The presentations of lower urinary tract symptoms in diabetic women with voiding dysfunction differed from those in control groups. Besides, the symptom index was correlated with the residual urine volume. It suggested that the higher lower urinary tact symptoms score disclose the hypocontractility of bladder and post-void residual increased in diabetic women with voiding dysfunction. In addition, the results of uroflowmetry showed the significant differences in the average of maximal flow rate of theses three groups. It means that the development of underactive detrusor in diabetic patients should be earlier more than we think. Even the diabetic patient without voiding dysfunction or symptoms had a lower maximal flow rate than normal controls. The theory about detrusor distention caused decompensation and detrusor failure may be wrong. The areas under the ROC curve of residual urine volume, lower urinary tract symptoms, and maximal flow rate showed their diagnostic performance in diabetic voiding dysfunction. This implies that the symptoms index more than 12 and a maximal flow rate below 15 ml/sec were reasonable criteria for identifying the diabetic patient with voiding dysfunction.
In the results of current perception test, we found the significant difference between the patients with and without voiding dysfunction at lower frequency in the foot. The low frequency detection thresholds correlated with tests of small fiber function, such as C fiber. It suggested that the degeneration of unmyelinated fiber in peroneal nerve would be common in diabetic patient with voiding dysfunction. In the process of lost of bladder sensation in diabetic patients, degeneration of C fiber in pelvic nerve should be important
Risk factors analysis showed the value of history taking in diagnosis of diabetic voiding dysfunction. Diabetic patients suffered from urinary symptoms, repeated urinary tract infection and had a long duration of diabetic history could be clues to indicate the existence of voiding dysfunction. The retinopathy and nephropathy are no correlation with voiding dysfunction in our study.

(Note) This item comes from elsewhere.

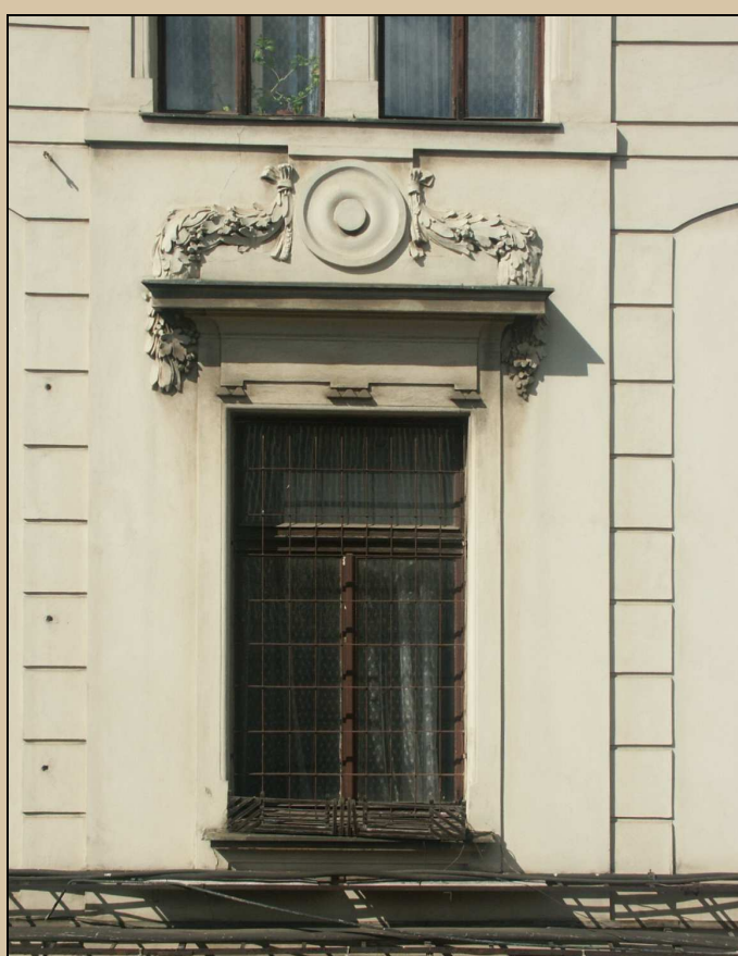
celkový pohled z exteriéru

In conclusion, our data suggested that a high proportion of patients with diabetes had voiding dysfunction of various extents. The earlier occurrence of underactive detrusor plays an important role in the development of diabetic voiding dysfunction. Lower urinary tract symptom score and uroflowmetry evaluations provide a useful tool for the early detection of voiding dysfunction. Peripheral neuropathy detected by current perception test in voiding dysfunction group showed the correlation between neuropathy and voiding dysfunction. Carefully history taking is meaningful in screening of voiding dysfunction in diabetic patients.